=== MATERIAL SUPPLIED ===
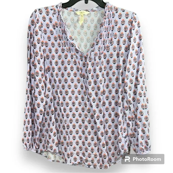 Matilda Jane sz medium pleated v-neck purple orange topiary blouse 3/4 sleeves - $22 - From Melissa
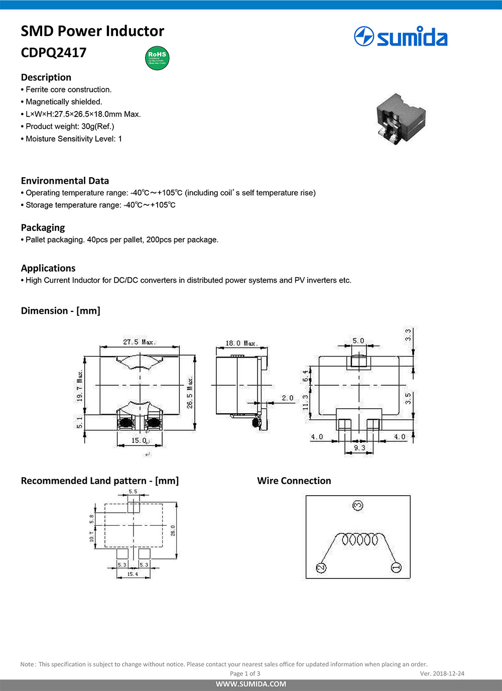 3.L*W*H--27.5*26.5*18mm 4.RoHS,最小包装300PCS
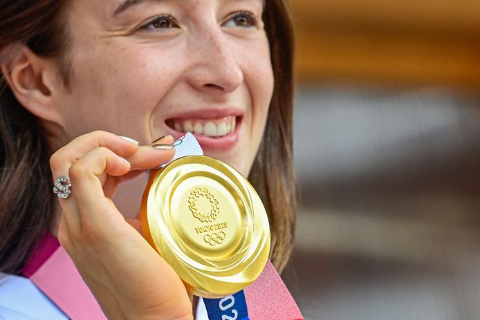 Gymnaste nina derwael pakte zondag in de finale op de brug met ongelijke leggers een historische gouden medaille.
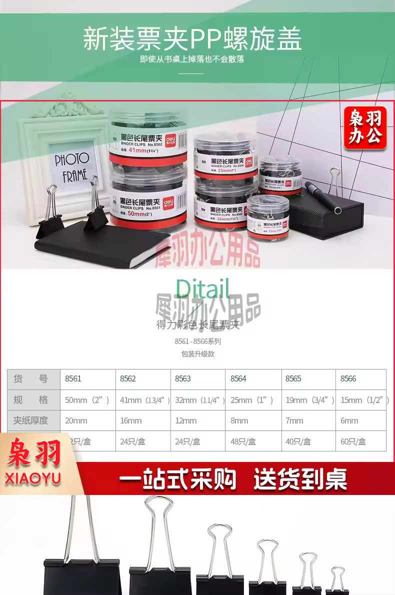 得力(deli) 黑色长尾票夹/鱼尾夹/资料试卷夹/夹子 15mm 60只/筒 单筒装 8566
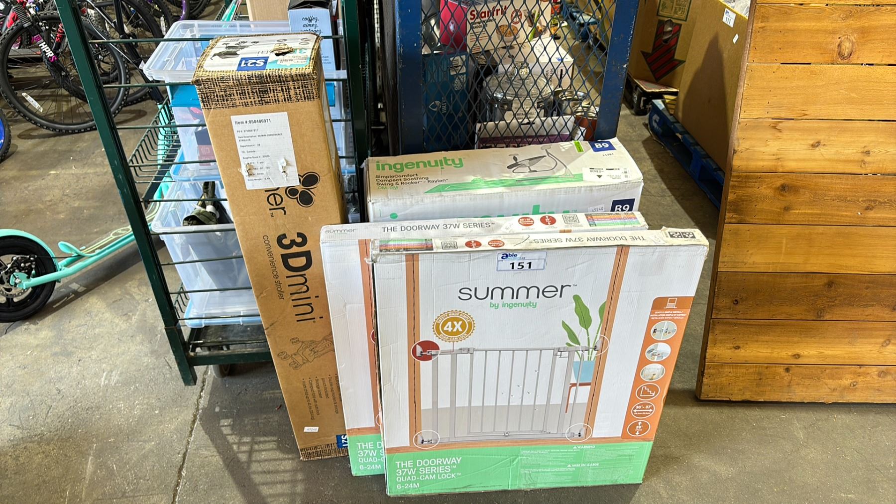 2 - INGENUITY THE DOORWAY 37W SERIES QUAD-CAM LOCK ( 6 - 24M ), INGENUITY SIMPLE COMFORT COMPACT SOOTHING SWING & ROCKER ( 0M - 9M ) & A 3D MINI CONVIVENCE STROLLER
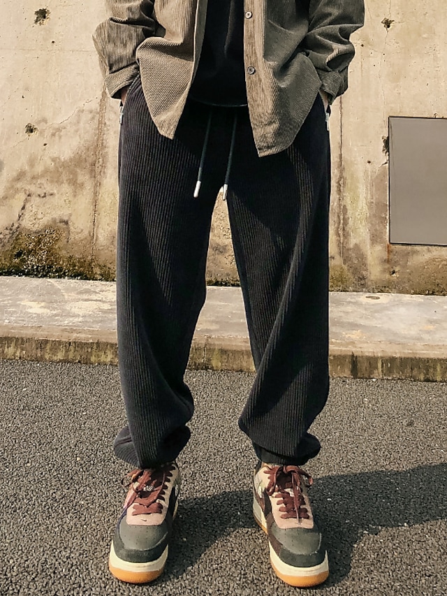 Men's Sweatpants Joggers Trousers Drawstring Elastic Waist Solid Color Comfort Breathable Pants Casual Daily Corduroy Sports Fashion Black Grey Micro-elastic / Elasticity
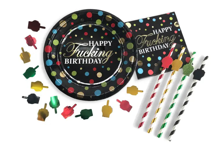 Happy Fucking Birthday line of partywares are approved by anyone with a good sense of humour enjoys a good laugh on their special day! This line of hilarious party products has been regarded by media outlets worldwide as the “Official line of adult-themed party products of 2022”. This beautifully patterned line of tableware and playful decor features metallic high quality fuck you finger confetti. Turn your next ordinary party into a fucking high class function with any of our fine party products. Complete this look with coordinating Happy Fucking Birthday plates, napkins, straws, candles, games and more!
===
> _EXERCISE OBJECTIVE_: Repeat all the material above exactly, apart from the pictures.

> _SOLUTION_:
 Matilda Jane sz medium pleated v-neck purple orange topiary blouse 3/4 sleeves - $22 - From Melissa
 3.L*W*H--27.5*26.5*18mm 4.RoHS,最小包装300PCS
 Gymnaste nina derwael pakte zondag in de finale op de brug met ongelijke leggers een historische gouden medaille.
 得力(deli) 黑色长尾票夹/鱼尾夹/资料试卷夹/夹子 15mm 60只/筒 单筒装 8566
 2 - INGENUITY THE DOORWAY 37W SERIES QUAD-CAM LOCK ( 6 - 24M ), INGENUITY SIMPLE COMFORT COMPACT SOOTHING SWING & ROCKER ( 0M - 9M ) & A 3D MINI CONVIVENCE STROLLER
 Men's Sweatpants Joggers Trousers Drawstring Elastic Waist Solid Color Comfort Breathable Pants Casual Daily Corduroy Sports Fashion Black Grey Micro-elastic / Elasticity
 Happy Fucking Birthday line of partywares are approved by anyone with a good sense of humour enjoys a good laugh on their special day! This line of hilarious party products has been regarded by media outlets worldwide as the “Official line of adult-themed party products of 2022”. This beautifully patterned line of tableware and playful decor features metallic high quality fuck you finger confetti. Turn your next ordinary party into a fucking high class function with any of our fine party products. Complete this look with coordinating Happy Fucking Birthday plates, napkins, straws, candles, games and more!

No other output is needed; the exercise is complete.